Every entry below is to be returned unchanged. Images are not part of the copy.

*** DATA FOR THE TASK ***

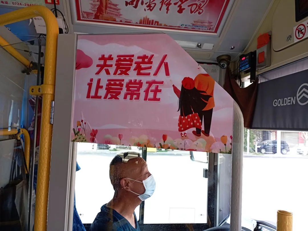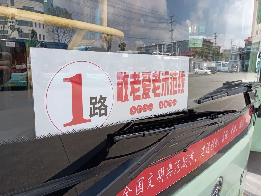 作為公司首條公交“敬老示范線”,1路車輛上的許多細節(jié),都體現(xiàn)著對老年人的關(guān)懷。車廂內(nèi),駕駛室門、座位間靠背都貼有尊老敬老的標語,宣傳敬老文明思想,營造和諧溫馨氛。
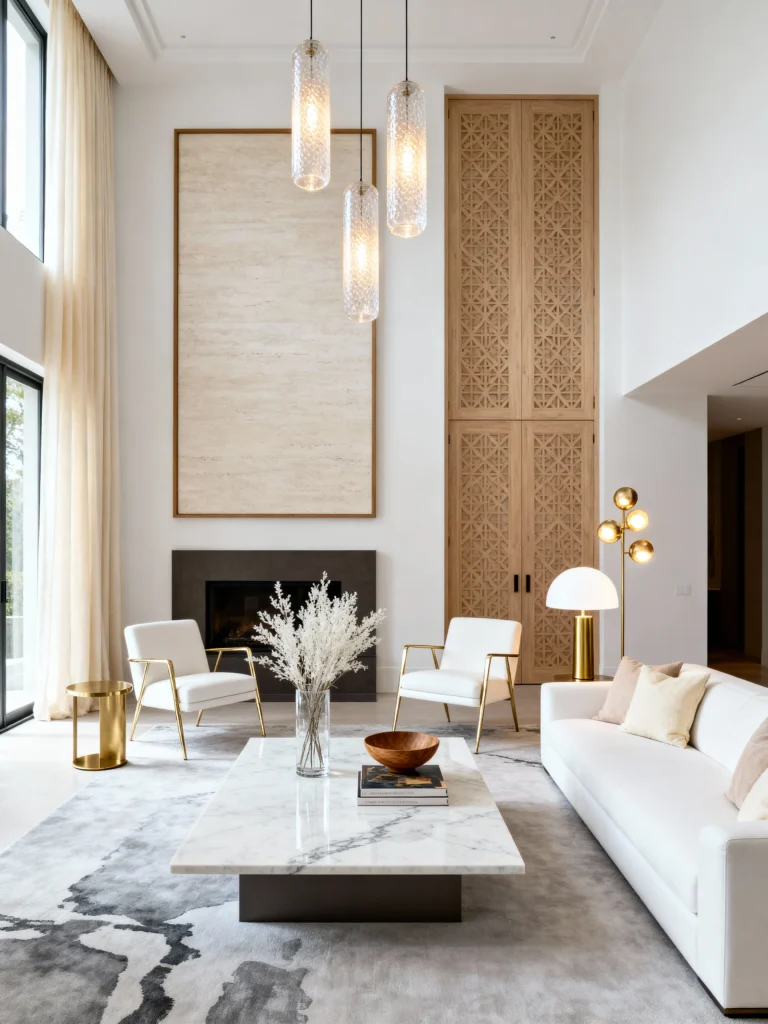 This room is all about height and light. The floor-to-ceiling windows and the massive, oversized artwork above the fireplace make the space feel absolutely huge.
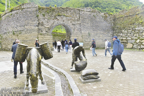 從松潘縣黃龍出發(fā),行駛約90分鐘后進(jìn)入小河鎮(zhèn)豐河村,一段古樸的石頭城墻出現(xiàn)在眼前,這里就是涪陽古鎮(zhèn)所在。古老的石板鋪設(shè)的地面上,矗立著一組行走在茶馬古道上“肩背馬馱”的雕塑。繼續(xù)前行,是古城的南門甕城,周圍點(diǎn)綴著仙池浣月、塔梁曉霽、蘭嶺春芳、翠屏樵歌、石硯研墨、筆架秋霜、古松抱寒、蕭寺鳴鐘等“涪陽八景”的簡介及民俗生活場景雕塑。
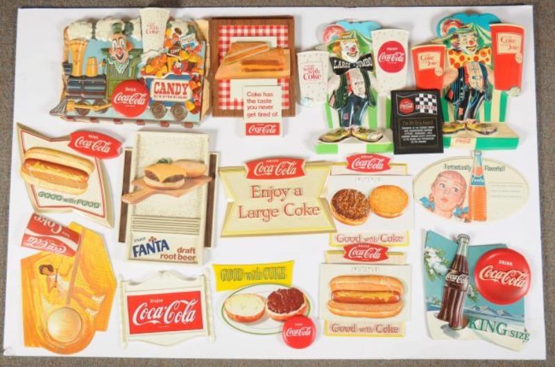 Lot of nine cardboard advertisements. The first one is of a pretty girl drinking product, says "Have a Coke" and has a Coke button. The second one has a the word "Lunch" with foldable tabs, the third one has the…
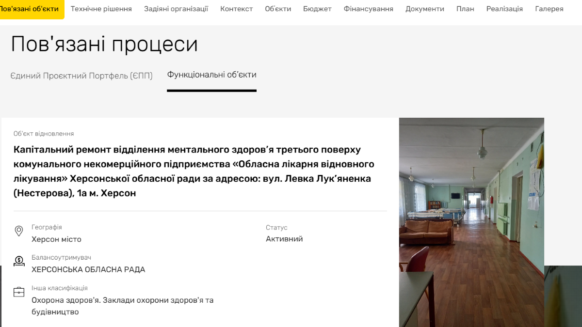 Проєкт передбачає повне оновлення приміщень для надання психотерапевтичної та психіатричної допомоги мешканцям Херсонської області, зокрема людям із посттравматичними та психосоматичними розладами, тривожними станами, депресіями та іншими психологічними проблемами.
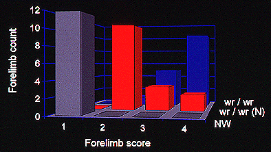 were scored seperately for each animal. For the NW and NW(N) -(not shown) groups, n=6, with all animals scoring "1". For wr/wr, wr/wr(N) groups, n=8 animals per group. For each
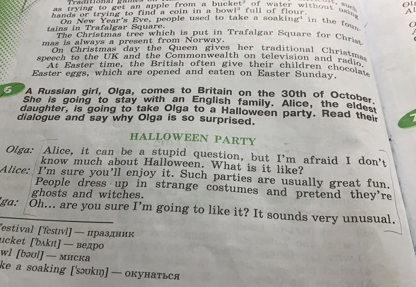 Alice was sure that Olga would enjoy it. She added that such parties were usually great fun. She said that people dressed up in strange costumes and pretended they were ghosts and witches.

***

▶ **RESULT**
 作為公司首條公交“敬老示范線”,1路車輛上的許多細節(jié),都體現(xiàn)著對老年人的關(guān)懷。車廂內(nèi),駕駛室門、座位間靠背都貼有尊老敬老的標語,宣傳敬老文明思想,營造和諧溫馨氛。
 This room is all about height and light. The floor-to-ceiling windows and the massive, oversized artwork above the fireplace make the space feel absolutely huge.
 從松潘縣黃龍出發(fā),行駛約90分鐘后進(jìn)入小河鎮(zhèn)豐河村,一段古樸的石頭城墻出現(xiàn)在眼前,這里就是涪陽古鎮(zhèn)所在。古老的石板鋪設(shè)的地面上,矗立著一組行走在茶馬古道上“肩背馬馱”的雕塑。繼續(xù)前行,是古城的南門甕城,周圍點(diǎn)綴著仙池浣月、塔梁曉霽、蘭嶺春芳、翠屏樵歌、石硯研墨、筆架秋霜、古松抱寒、蕭寺鳴鐘等“涪陽八景”的簡介及民俗生活場景雕塑。
 Lot of nine cardboard advertisements. The first one is of a pretty girl drinking product, says "Have a Coke" and has a Coke button. The second one has a the word "Lunch" with foldable tabs, the third one has the…
 Проєкт передбачає повне оновлення приміщень для надання психотерапевтичної та психіатричної допомоги мешканцям Херсонської області, зокрема людям із посттравматичними та психосоматичними розладами, тривожними станами, депресіями та іншими психологічними проблемами.
 were scored seperately for each animal. For the NW and NW(N) -(not shown) groups, n=6, with all animals scoring "1". For wr/wr, wr/wr(N) groups, n=8 animals per group. For each
 Alice was sure that Olga would enjoy it. She added that such parties were usually great fun. She said that people dressed up in strange costumes and pretended they were ghosts and witches.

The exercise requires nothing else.